Ajax-Beşiktaş maçının hakemi John Brooks, İngilizlerin Antony Taylor ve Michael Oliver'dan sonra yetiştirdiği 34 yaşında, umut bağladıkları üç numaralı hakemi. Aşırı rahat, özgüvenli ve sakin. Maçta da hakemi zorlayacak herhangi bir pozisyon da olmadı. O da oyunu saldı. İkili mücadeleleri oynatarak oyuna tempo kazandırdı. Basit temaslarda faul bekleyen oyunculara dönüp bakmadı bile. Kontrolsüz hareketlerde gösterdiği kartlar, önce avantaja bırakıp sonra dönüp gösterdiği kartlar, örnek yorumlar ve başarılı uygulamalardı. Oyuncularla iyi iletişim kurdu. Eleştirebileceğimiz tek yer Paulista'ya yaptığı elin yüze geldiği pozisyonda Brobbey'e çıkarmadığı sarı karttı. Eh!
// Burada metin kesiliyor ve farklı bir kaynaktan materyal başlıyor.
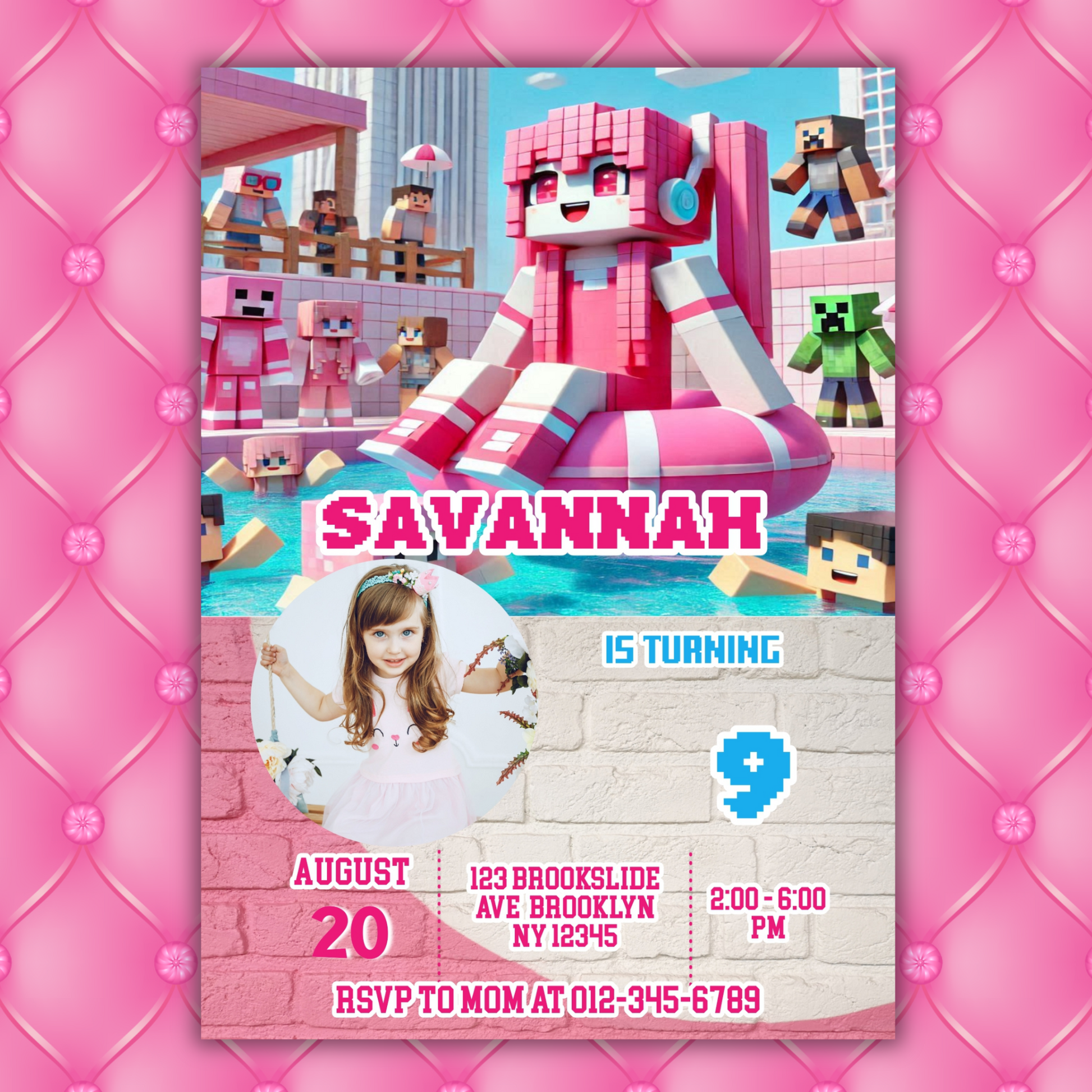 Minecraft Picture Birthday Pool Party Invitation | Pink Picture Pixel Water Party Invite | Girl Minecraft Gamer Pool Party Birthday Digital Invite
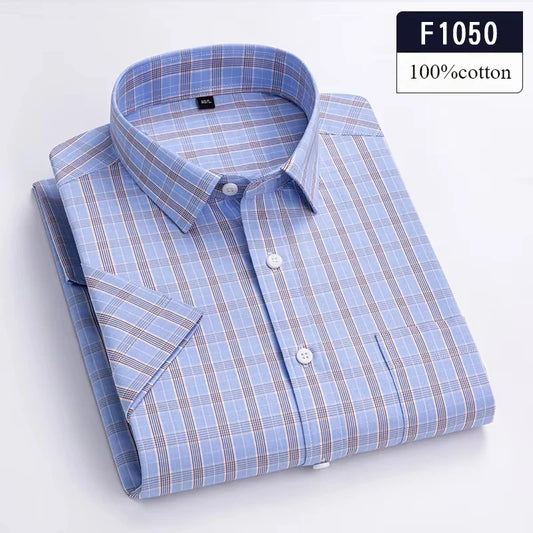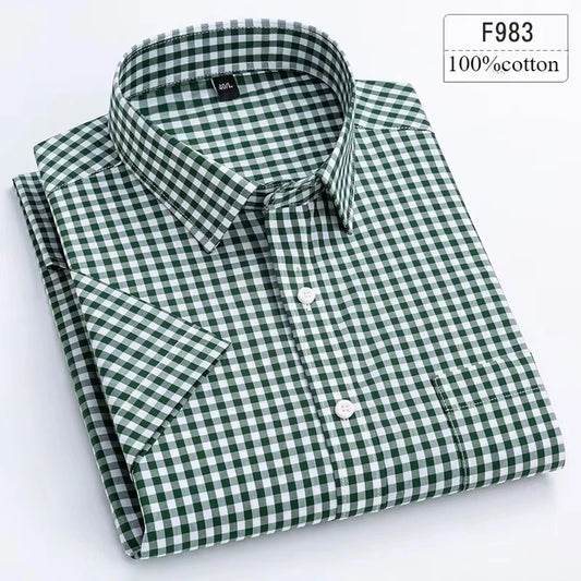 Men's Plaid Short Sleeve Shirts-Business Casual Striped Turn-Down Collar

Bu kadar kusur kadı kızında bile olur. Fenerbahçe-US Gilloise maçında ise Fransa'nın son yıllarda yetiştirdiği önemli hakemlerden 41 yaşındaki Benoit Bastien; temaslı futbola izin verince kora kor bir mücadele seyrettik. Özgüvenli ve soğukkanlı bir hakem. Saygı ve disiplinini bozabilecek davranışlara karşı son derece duyarlı.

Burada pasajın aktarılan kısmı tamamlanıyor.